The present data do not permit any conclusion about whether the very same subregions of the PPC initiate spatial and nonspatial shifts of attention in all sensory modalities. The evidence for PPC involvement in multiple modalities has been performed in separate experiments involving different groups of people, and no direct comparison has yet been conducted. The data suggest the hypothesis that there may be a single region that is responsible for shifts of attention in multiple modalities. Additional experiments will be required to test this hypothesis versus an alternative one, according to which separate specialized subcompartments of the PPC are each responsible for the control of attention shifts in different sensory domains.
The present results do show, however, that nonspatial shifts of auditory attention are initiated by transient increases in cortical activity in the dorsomedial PPC, suggesting that the attentional control functions of the PPC are not devoted exclusively to the visual and spatial domains.
This work was supported by National Institutes of Health Grant R01-DA13165 (S.Y.).
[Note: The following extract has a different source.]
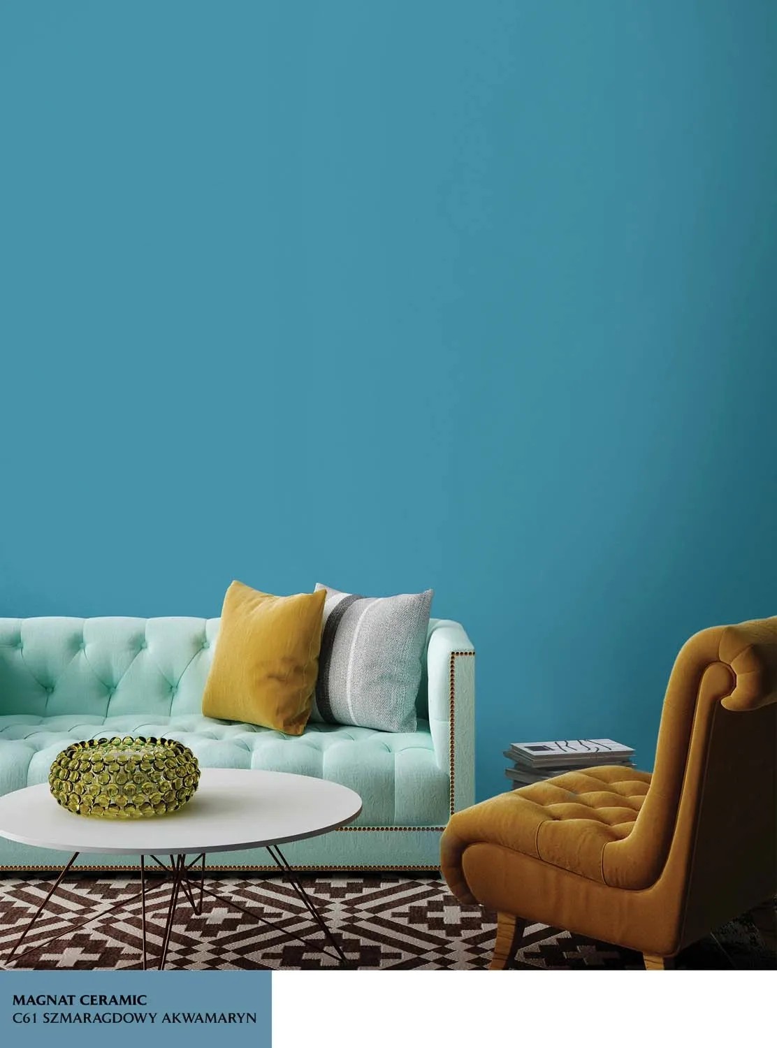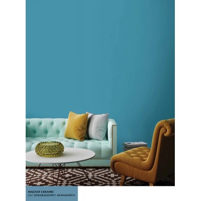 Emulsja Magnat Ceramic w kolorze szmaragdowy akwamaryn to ceramiczna farba trzeciej generacji marki Śnieżka. Unikalna formuła emulsji Magnat daje jej ponadprzeciętne parametry odporności na wielokrotne zmywanie i szorowanie na mokro. Do czyszczenia można używać dezynfektantów, gdyż emulsja ta jest odporna na środki czyszczące. Powierzchnie pokryte tą farbą są plamoodporne, nie absorbują zabrudzeń i trudnych plam np. z wina, kawy, ketchupu, oleju, pisaków wodnych, kredek itp.

We thank J. T. Serences, T. Liu, C. E. Connor, A. Shelton, B. Rapp, J. B. Sala, T. Brawner, and K. Kahl for comments, advice, and assistance.
Correspondence should be addressed to Dr. Sarah Shomstein, Department of Psychology, Carnegie Mellon University, 5000 Forbes Avenue, Pittsburgh, PA 15213. E-mail:.
Copyright © 2006 Society for Neuroscience 0270-6474/06/260435-05$15.00/0
aBecause the baseline for these plots is the mean of the signal in the 6 s preceding the target event and because, during the course of a run, this interval contained both hold and shift events, it cannot be interpreted as a “neutral” baseline state. Therefore, the changes in activity after shift and hold events can only be understood in relative terms (i.e., that shift events evoke a greater response in these areas than hold events).